» **EXERCISE DATA**
☆ ☆ ☆ ☆ ☆
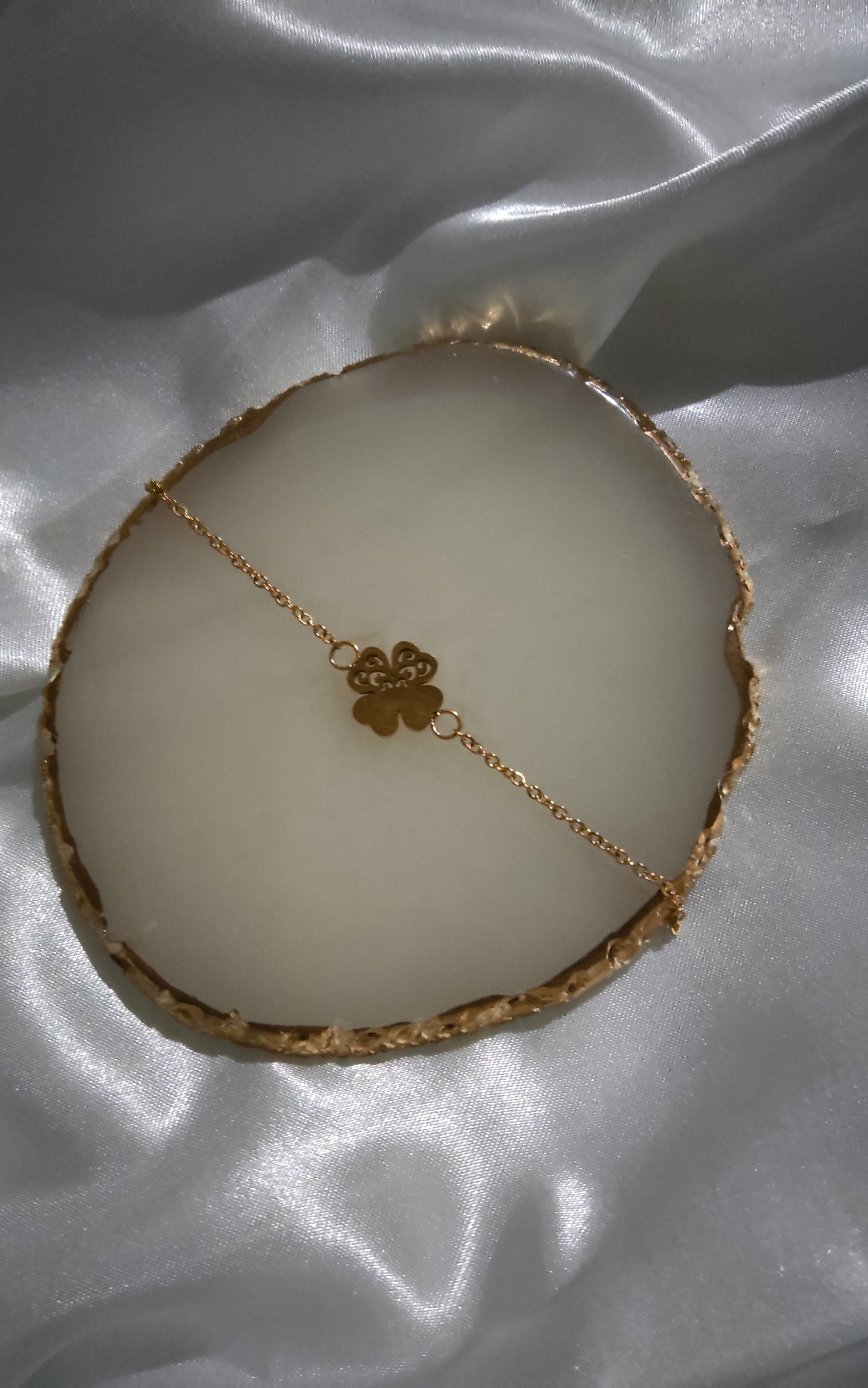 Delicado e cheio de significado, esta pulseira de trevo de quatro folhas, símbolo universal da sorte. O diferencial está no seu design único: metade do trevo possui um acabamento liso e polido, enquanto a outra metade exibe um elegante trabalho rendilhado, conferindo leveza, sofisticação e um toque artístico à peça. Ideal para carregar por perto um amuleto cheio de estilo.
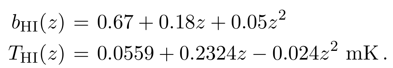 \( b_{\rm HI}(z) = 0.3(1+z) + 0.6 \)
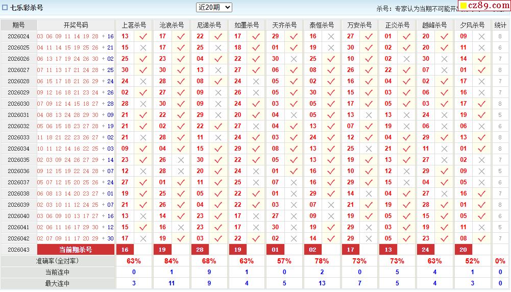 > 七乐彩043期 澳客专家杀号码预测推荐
☆ ☆ ☆ ☆ ☆
» **TASK ITEM**
Leave out the pictures and reproduce the rest of the listing exactly.

» **ANSWER**
 Delicado e cheio de significado, esta pulseira de trevo de quatro folhas, símbolo universal da sorte. O diferencial está no seu design único: metade do trevo possui um acabamento liso e polido, enquanto a outra metade exibe um elegante trabalho rendilhado, conferindo leveza, sofisticação e um toque artístico à peça. Ideal para carregar por perto um amuleto cheio de estilo.
 \( b_{\rm HI}(z) = 0.3(1+z) + 0.6 \)
 > 七乐彩043期 澳客专家杀号码预测推荐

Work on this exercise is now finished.